» **Assigned task**
Using the records below, transcribe word for word the stretch from the line that contains "1. Close-up with" through the line that contains "Figure 4 illustrates", both end lines included, and nothing else.

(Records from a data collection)
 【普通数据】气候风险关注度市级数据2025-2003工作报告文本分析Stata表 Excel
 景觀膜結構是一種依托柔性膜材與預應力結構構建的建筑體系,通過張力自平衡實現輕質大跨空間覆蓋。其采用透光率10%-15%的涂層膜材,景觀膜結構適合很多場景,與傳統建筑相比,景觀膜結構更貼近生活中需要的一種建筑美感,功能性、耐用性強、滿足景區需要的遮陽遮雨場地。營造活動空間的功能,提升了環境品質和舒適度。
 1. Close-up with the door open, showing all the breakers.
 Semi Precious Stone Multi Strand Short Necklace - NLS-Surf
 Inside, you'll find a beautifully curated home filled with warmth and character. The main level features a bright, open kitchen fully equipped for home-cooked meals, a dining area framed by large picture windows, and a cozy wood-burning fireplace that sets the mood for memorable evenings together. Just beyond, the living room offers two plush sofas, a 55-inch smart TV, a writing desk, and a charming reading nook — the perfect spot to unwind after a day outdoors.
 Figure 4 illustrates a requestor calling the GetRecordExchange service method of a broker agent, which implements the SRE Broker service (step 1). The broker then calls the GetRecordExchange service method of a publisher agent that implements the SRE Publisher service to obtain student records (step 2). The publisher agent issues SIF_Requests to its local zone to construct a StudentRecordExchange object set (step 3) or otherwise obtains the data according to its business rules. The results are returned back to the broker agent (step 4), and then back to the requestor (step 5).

--

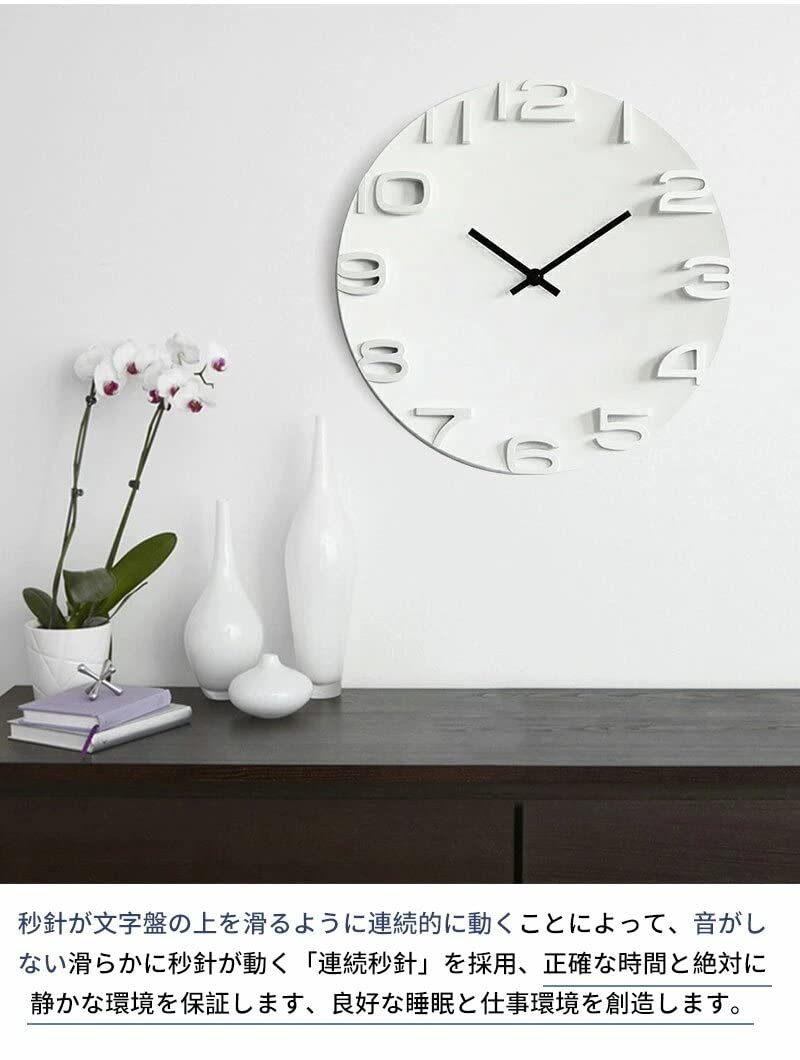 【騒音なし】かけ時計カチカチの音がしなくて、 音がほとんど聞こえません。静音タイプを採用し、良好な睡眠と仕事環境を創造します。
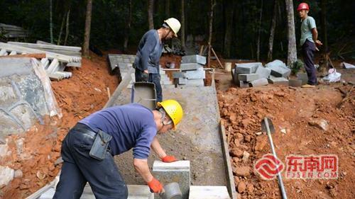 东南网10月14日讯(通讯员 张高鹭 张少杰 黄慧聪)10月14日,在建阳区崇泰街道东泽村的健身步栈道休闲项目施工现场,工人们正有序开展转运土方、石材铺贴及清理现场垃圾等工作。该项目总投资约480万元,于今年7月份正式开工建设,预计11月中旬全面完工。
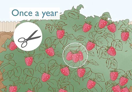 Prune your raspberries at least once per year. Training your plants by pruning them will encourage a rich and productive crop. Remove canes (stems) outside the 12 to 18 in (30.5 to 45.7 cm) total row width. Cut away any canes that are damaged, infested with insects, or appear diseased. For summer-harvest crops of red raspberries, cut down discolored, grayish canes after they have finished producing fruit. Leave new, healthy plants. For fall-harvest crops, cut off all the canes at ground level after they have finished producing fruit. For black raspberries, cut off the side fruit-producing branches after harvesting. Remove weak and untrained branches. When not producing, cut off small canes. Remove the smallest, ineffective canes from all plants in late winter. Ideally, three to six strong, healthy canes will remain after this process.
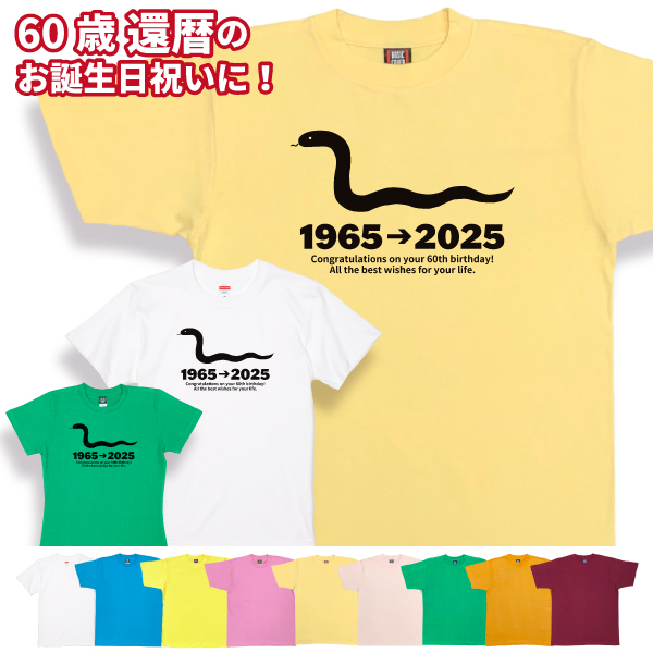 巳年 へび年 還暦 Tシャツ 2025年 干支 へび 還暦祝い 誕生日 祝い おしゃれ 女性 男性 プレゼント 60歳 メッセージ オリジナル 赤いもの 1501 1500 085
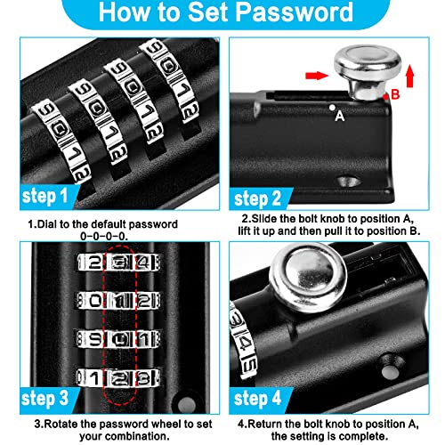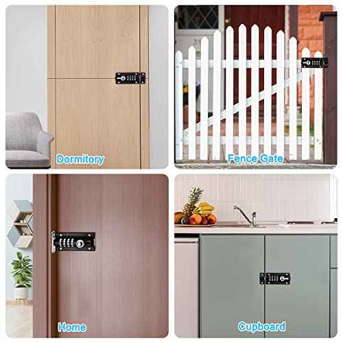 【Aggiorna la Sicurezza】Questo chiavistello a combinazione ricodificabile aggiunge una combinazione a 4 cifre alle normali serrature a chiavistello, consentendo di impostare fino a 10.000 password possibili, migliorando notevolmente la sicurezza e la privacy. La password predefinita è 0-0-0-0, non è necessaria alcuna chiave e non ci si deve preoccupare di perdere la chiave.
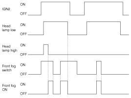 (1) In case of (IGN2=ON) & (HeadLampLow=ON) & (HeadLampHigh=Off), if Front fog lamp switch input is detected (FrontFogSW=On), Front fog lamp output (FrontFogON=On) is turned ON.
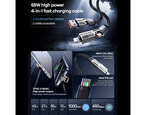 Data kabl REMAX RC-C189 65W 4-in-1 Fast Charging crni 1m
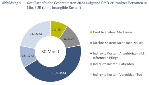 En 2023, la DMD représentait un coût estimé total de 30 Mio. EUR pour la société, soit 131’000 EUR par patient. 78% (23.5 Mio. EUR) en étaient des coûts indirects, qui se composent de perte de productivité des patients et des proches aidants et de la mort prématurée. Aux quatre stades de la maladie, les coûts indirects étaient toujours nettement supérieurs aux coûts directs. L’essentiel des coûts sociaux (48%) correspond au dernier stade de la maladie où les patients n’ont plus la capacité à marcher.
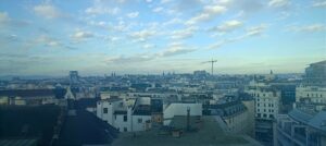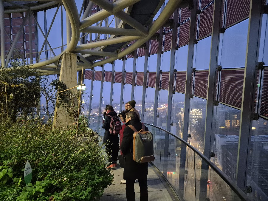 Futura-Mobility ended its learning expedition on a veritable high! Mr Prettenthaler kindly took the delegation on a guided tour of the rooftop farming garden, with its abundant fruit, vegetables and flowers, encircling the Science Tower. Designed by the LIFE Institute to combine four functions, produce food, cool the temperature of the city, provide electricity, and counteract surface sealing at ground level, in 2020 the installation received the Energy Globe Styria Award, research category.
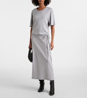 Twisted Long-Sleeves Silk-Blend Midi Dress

» **Reply**
 1. Close-up with the door open, showing all the breakers.
 Semi Precious Stone Multi Strand Short Necklace - NLS-Surf
 Inside, you'll find a beautifully curated home filled with warmth and character. The main level features a bright, open kitchen fully equipped for home-cooked meals, a dining area framed by large picture windows, and a cozy wood-burning fireplace that sets the mood for memorable evenings together. Just beyond, the living room offers two plush sofas, a 55-inch smart TV, a writing desk, and a charming reading nook — the perfect spot to unwind after a day outdoors.
 Figure 4 illustrates a requestor calling the GetRecordExchange service method of a broker agent, which implements the SRE Broker service (step 1). The broker then calls the GetRecordExchange service method of a publisher agent that implements the SRE Publisher service to obtain student records (step 2). The publisher agent issues SIF_Requests to its local zone to construct a StudentRecordExchange object set (step 3) or otherwise obtains the data according to its business rules. The results are returned back to the broker agent (step 4), and then back to the requestor (step 5).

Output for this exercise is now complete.